Variable 3: Preventing Nuclear War
Variable 3: Preventing Nuclear War
The world is living through its most dangerous moment in decades, on the verge of a renewed arms race, with the threat of nuclear war at its highest since the Cold War. Increased reliance on nuclear weapons for security remains both a source and symptom of heightened great power tension. Averting nuclear war — a moral imperative — requires restraint and de-escalation among great powers in the conventional and nuclear realms, including reducing the risk of military clashes between nuclear-armed states.
A new nuclear arms race creates incentives that run counter to nuclear non-proliferation and disarmament obligations under the Treaty on the Non-Proliferation of Nuclear Weapons (NPT). By doubling down and recommitting to nuclear weapons within their security strategies, nuclear weapon states (NWS) increase the value attached to them, encouraging their pursuit and acquisition by non-nuclear weapon states (NNWS). Without tangible progress toward nuclear disarmament, the shared non-proliferation obligations underpinning the NPT are at risk of shattering. Preventing nuclear war is not merely an agenda to manage — it is an existential imperative.
The NPT’s five recognized nuclear weapon states (hereafter, the N5) are responsible for upholding international peace and security as permanent members of the U.N. Security Council. They must make far-reaching strides toward nuclear disarmament to preserve the NPT and oversee its full and effective implementation, including the legal obligation to engage in and conclude nuclear disarmament negotiations under Article VI. The recent entry into force of the Treaty on the Prohibition of Nuclear Weapons reveals the extent to which NNWS remain committed to the disarmament agenda.
In conjunction with diplomatic efforts to improve political relations between all nuclear-armed states — including by strengthening conventional arms control, pursuing military deconfliction, and remaining attentive to one another’s core interests — reducing great powers’ reliance on nuclear weapons will reduce one of the greatest threats to humanity.
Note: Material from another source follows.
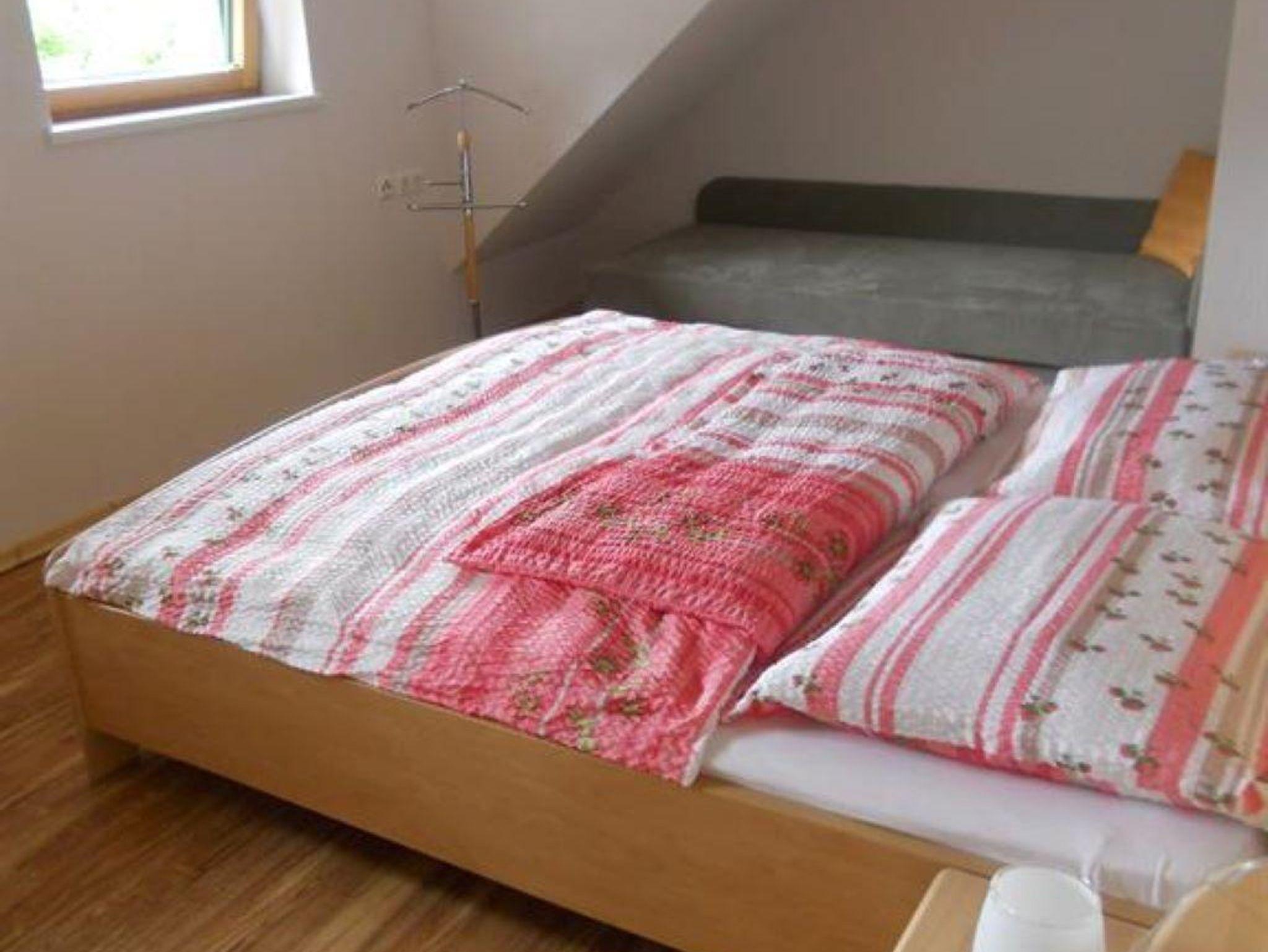 Die gemütliche Ferienwohnung Seeblick befindet sich im 2. Stock des Bauernhauses und bietet Platz für 2-5 Personen. Die Wohnung ist aufgeteilt in zwei getrennte Schlafzimmern. Das erste Doppelzimmer verfügt über ein Doppel- und Einzelbett mit Ostfenster. Das zweite Schlafzimmer ist mit einem Doppelbett ausgestattet und Richtung Westen ausgerichtet.

In support of U.N. Secretary-General Antonio Guterres’ New Agenda for Peace and Our Common Agenda, the following recommendations provide practical ways of supporting and implementing nuclear risk reduction and disarmament obligations before it is too late.
Proposal 6: Preventing the accidental use of nuclear weapons
The new risks presented by emerging technologies destabilize the deterrence landscape. The serious risks of accidental nuclear launch stemming from maintaining nuclear forces at the high levels of operational readiness familiar from Cold War nuclear postures are augmented today by new risks of cyberattacks on nuclear command and control. States should undertake several measures over the coming years in pursuit of nuclear disarmament and non-proliferation obligations and to enhance crisis stability, which could allow nuclear powers to “de-alert” existing nuclear forces without undermining deterrence in the interim or increasing incentives for a conventional war. Such steps would be in line with previous U.N. First Committee and General Assembly resolutions, most recently in 2020, to “decrease the operational readiness of nuclear weapons systems” — an effort supported by almost every state, including several nuclear-armed states party and not party to the NPT.1
- De-alerting: Alongside efforts to strengthen conventional arms control and improve political relations between great powers (including the measures proposed in other sections of this report), states should take steps toward eliminating plans for short-notice preemptive nuclear strikes and launch-on-warning options from nuclear doctrines and postures as part of a significant “de-alerting” effort. These steps can minimize the chance of military clashes among nuclear-armed states.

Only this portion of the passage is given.